Tuesday, 9 February 2021

Chester Himes - Harlem Detective Series

Chester Himes

Harlem Detective Series

Published by Penguin Modern Classics | 25 March 2021

Paperback £9.99

Himes posed questions that few of his contemporaries dared to raise: What defines an “authentic” black voice?” Hilton Als, The New Yorker

A conman disguised as a nun, a preacher flogging one-way tickets to Africa, a golden Cadillac big enough to cross the ocean. Every one of Chester Himes’ ground-breaking crime novels buzzes with a barely-contained chaotic and darkly witty energy, echoed in vibrant new jackets featuring Harlem collages by Romare Bearden.

 Chester Himes was born in Jefferson City, Missouri in 1909 and grew up in Cleveland. Aged 19 he was arrested for armed robbery and sentenced to up to 25 years in jail. In jail he began to write short stories, some of which were published in Esquire. Upon release he took a variety of jobs, from working in a California shipyard to journalism to script-writing, while continuing to write fiction. Like many African-American writers of his generation, he later moved to Paris, where he was commissioned by La Série Noire to write the first of his Harlem detective novels, La reine des pommes/A Rage in Harlem, which won the 1957 Grand Prix du Roman Policier. In 1969 Himes moved to Spain, where he died in 1984.
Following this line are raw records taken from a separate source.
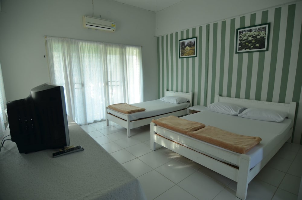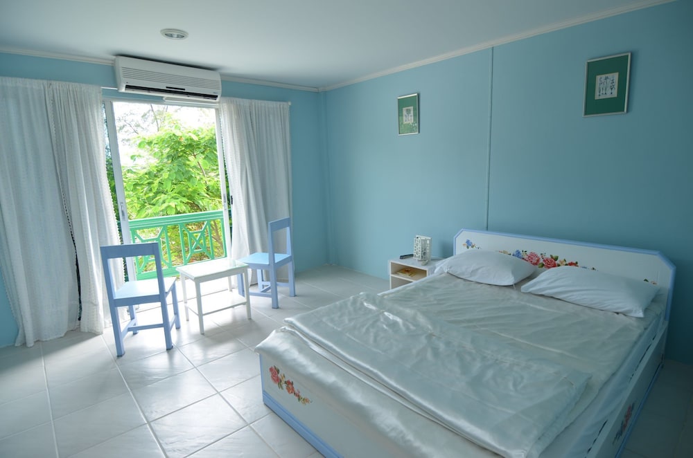 We stayed 3 nights at Makmai Villa. Although the place has been in business for a long time, the management has kept it in very good condition. Our room opens to sweet smelling flower trees and is supplied with firm & comfortable bed with clean beddings, medium sized fridge, warm shower heater, a study table and spacious room to move around inside. We particularly loved the blue & white theme of the room. The room is super clean and the staff are super friendly and helpful. They kindly suggested places to visit and eat in Rayong. That was great!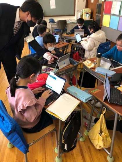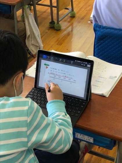 写真であるように、全クラスがタブレットを活用した授業を行いました。低学年でもタッチペンを使用するなど、この1年でタブレット使用は手馴れてきているようです。5時間目の5年生の算数の授業は、「円の円周」を求める学習でしたが、写真で分かるように、具体物を使って円周を調べる活動を行いました。タブレットはあくまでも「文房具の一つ」です。タブレットとともにアナログ的な活動も取り入れながら、学習のめあてを子供たちが達成できるように、しっかりと計画を立てて学習を進めていきます。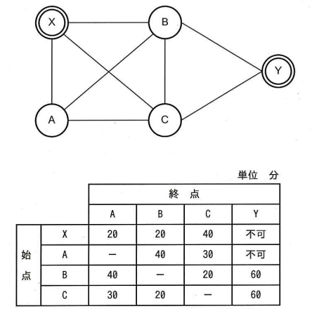 地点Xから出発してA, B, Cの3地点の全てを経由して地点Yまで行きたい。各地点間の経路と所要時間が図及び表のとおりであるとき、地点Xから地点Yまで行く最短の時間は何分か。ここで、3地点A, B, Cはどのような順番で経由してもよいものとする。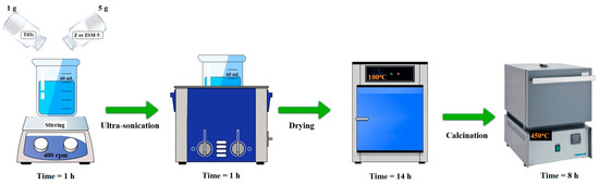 Zeolite is a material with distinctive properties including peculiar ion exchange [25,26], surface acidity, and inexpensive and environmentally benign nature [27,28]. Modifying TiO2 with zeolites may provide more active surfaces and prevent clotting, significantly improving the photodegradation performance of the catalyst. There are various studies on the application of TiO2/zeolite composites as a catalyst in photocatalytic reactions in the literature [29,30]. For example, An et al. [31] synthesized carbon doped-TiO2 coated on zeolites by solid-state dispersion and used it toward the degradation of eighteen pharmaceuticals and pesticides, including SMX. The results showed that the higher adsorption capacity of the zeolite improved the degradation efficiency of the photocatalyst. The study performed by An et al. [31] represents only the degradation of eighteen pharmaceuticals and pesticides, including SMX. Liu et al. [32] reported the successful photocatalytic degradation of sulfadiazine using natural zeolite coated with TiO2 under UV light irradiation. Zhang et al. [33] prepared a TiO2/zeolite composite using the hydrolysis deposition technique. The adsorption and catalytic properties of the prepared composites were evaluated in the elimination of gaseous and aqueous organic contaminants. The results revealed that the TiO2/acid leaching zeolite exhibited higher photodegradation activities than the bare TiO2 for formaldehyde, phenol, and rhodamine B.
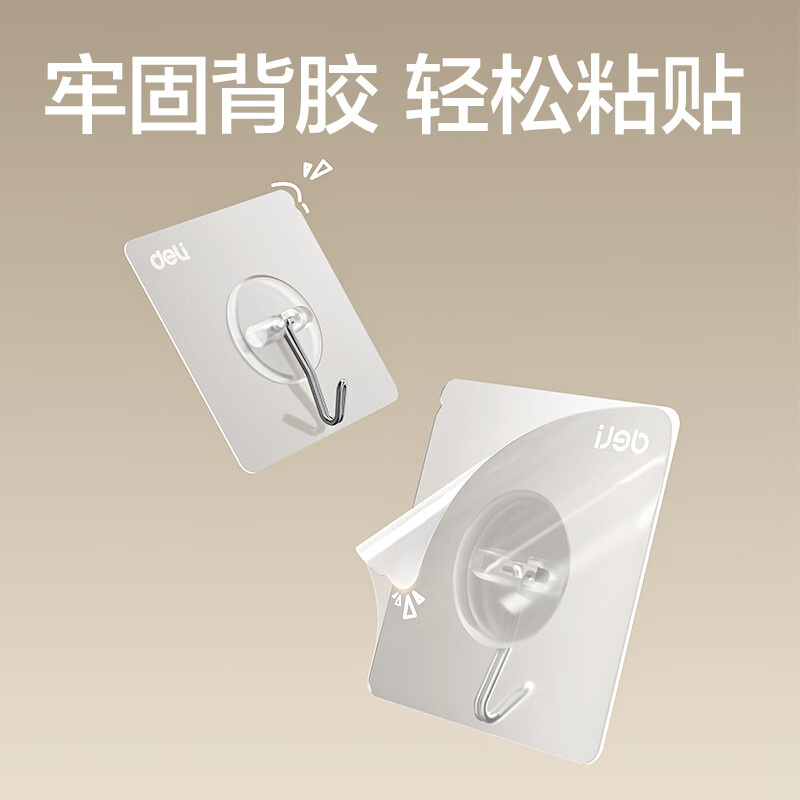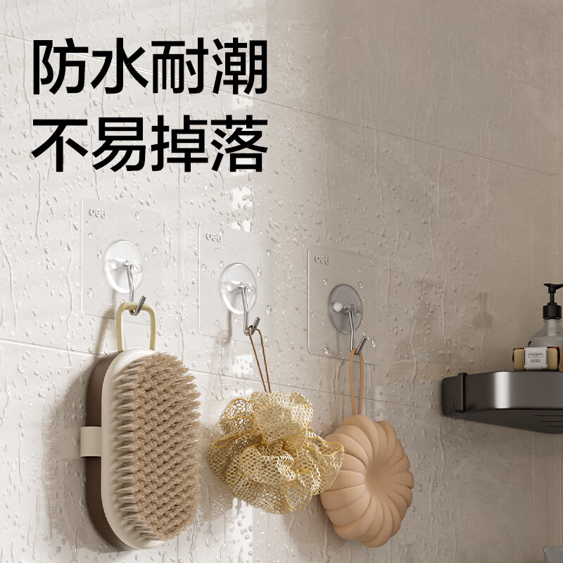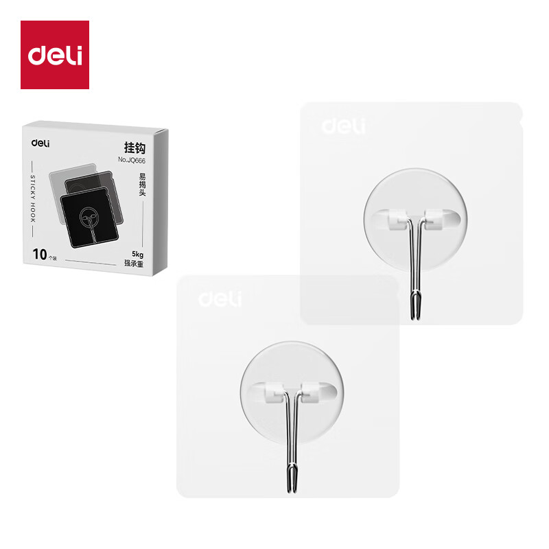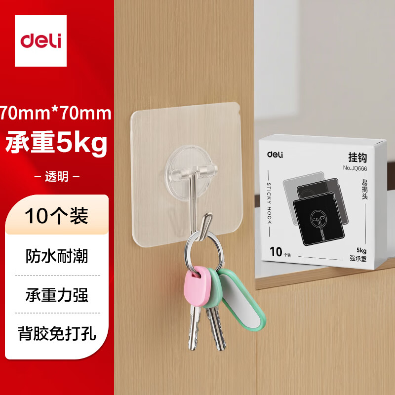 得力(deli)无痕透明厨房浴室免打孔无痕胶双面胶挂钩 10个/盒 JQ666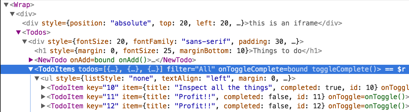 React Developer Tools lets you inspect the React component hierarchy, including component props and state.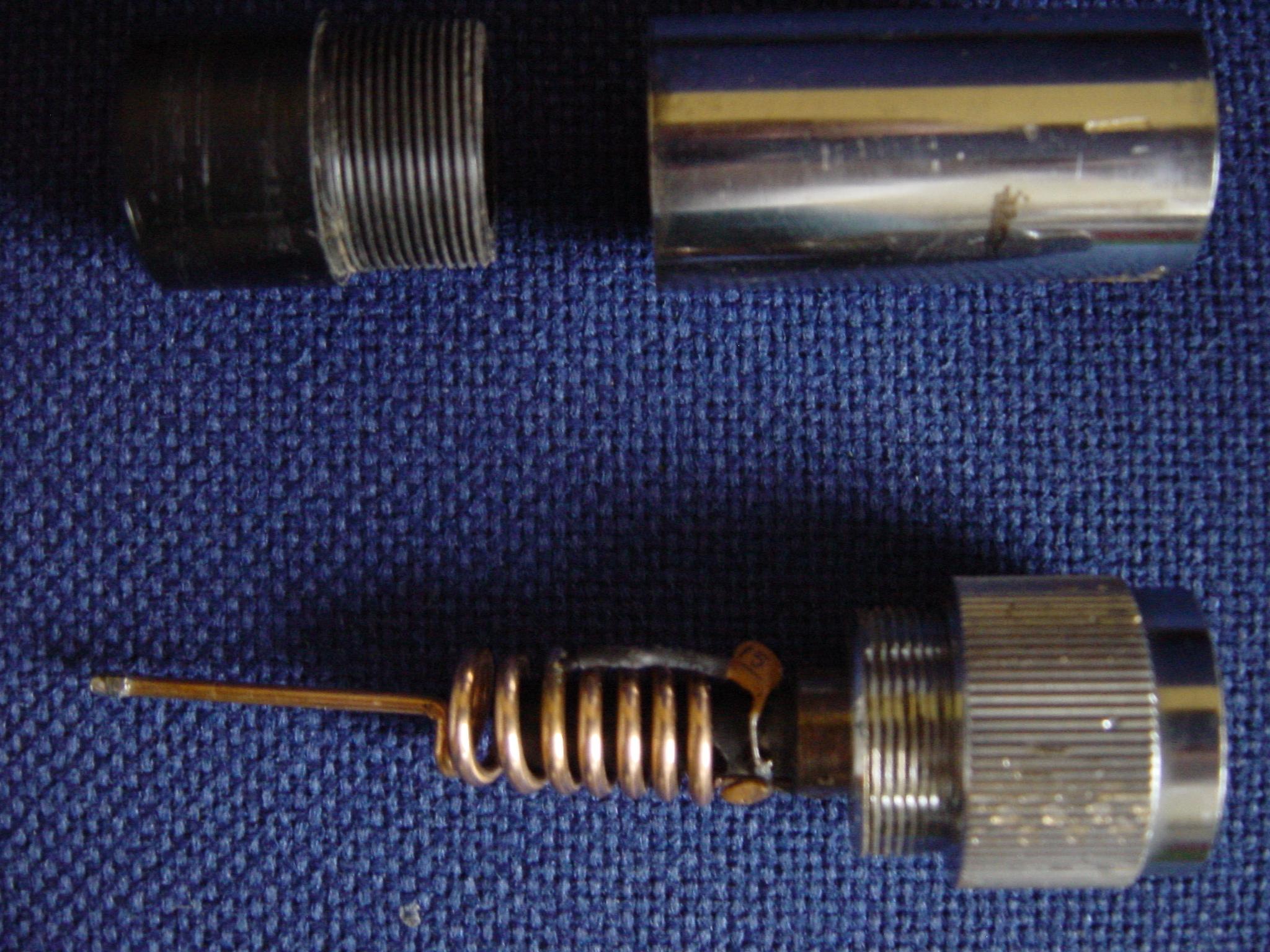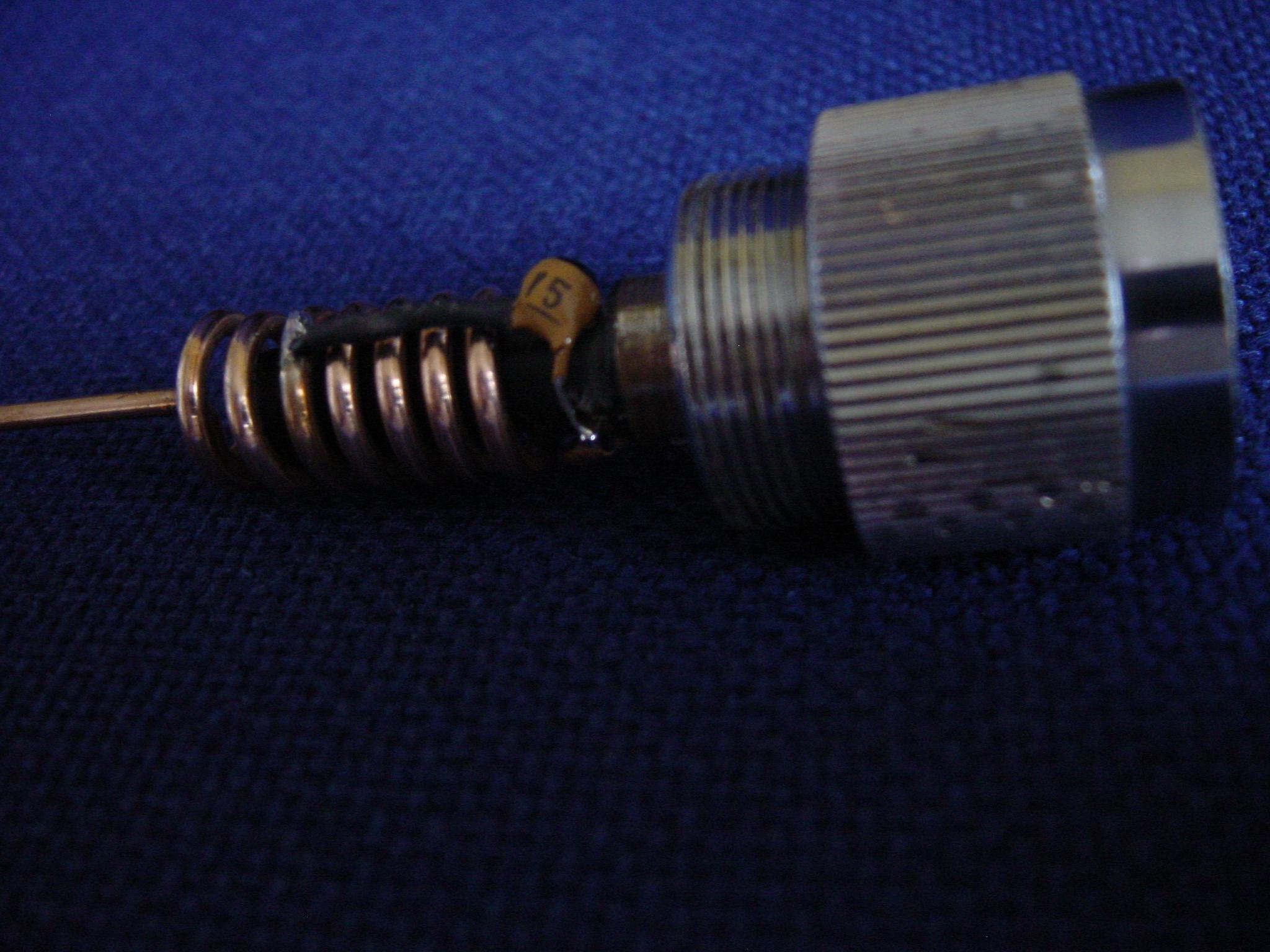 In de basis van deze antenne zit een aanpassings netwerk in de vorm van een spoel met aftakking voor het 50 ohms punt.

One of crime fiction’s most overlooked writers, Himes’ inimitable stories take the reader through the criminal underbelly of New York alongside hardboiled Harlem detectives ‘Coffin’ Ed Johnson and ‘Grave Digger’ Jones. His brutally comic surrealism combined with his authentic treatment of the Black Harlem underclass, more myth than reality to most white Americans of the period, earn him a unique place among crime writing giants such as Raymond Chandler, Dashiell Hammett and Jim Thompson.

 A Rage in Harlem

Jackson's woman has found him a foolproof way to make money - a technique for turning ten dollar bills into hundreds. But when the scheme somehow fails, Jackson is left broke, wanted by the police and desperately racing to get back both his money and his loving Imabelle. The first of Chester Himes's novels to feature the hardboiled Harlem detectives, A Rage in Harlem has swagger, brutal humour, lurid violence, a hearse loaded with gold and a conman dressed as a Sister of Mercy.

 The Real Cool Killers

The night's over for Ulysses Galen. It started going bad for the big Greek when a knife was drawn, then there was an axe, then he was being chased and shot at. Now Galen is lying dead in the middle of a Harlem street. But the night's just beginning for our detectives, because they have a smoking gun but it couldn't have killed Galen, and they had a suspect but a gang called the Real Cool Moslems took him. And as patrol cars and search teams descend on the neighbourhood, their case threatens to take a turn for the personal.

 All Shot Up

A golden Cadillac big enough to cross the ocean has been seen sailing along the streets of Harlem. A hit-and-run victim's been hit so hard she got embedded in the wall of a convent. A shootout with three heistmen dressed as cops has left an important politician in a coma - and a lot of money missing. And Grave Digger Jones and Coffin Ed Johnson are the ones who have to piece it all together.

 The Heat’s On

Coffin Ed and Grave Digger Jones have lost two criminals. Pinky ran off - but it shouldn't be hard to track down a giant albino man in Harlem. Jake the drug dealer, though, isn't coming back - he died after Grave Digger punched him in the stomach. This might cost them both their badges, unless they can track down the cause of all this mayhem - like the African with his throat slit and the dog the size of a lion with an open head wound.

 Cotton Comes to Harlem

A preacher called Deke O'Malley's been selling false hope: the promise of a glorious new life in Africa for just $1,000 a family. But when thieves with machine guns steal the proceeds - and send one man's brain matter flying - the con is up. Now Grave Digger Jones and Coffin Ed mean to bring the good people of Harlem back their $87,000, however many corpses they have to climb over to get it.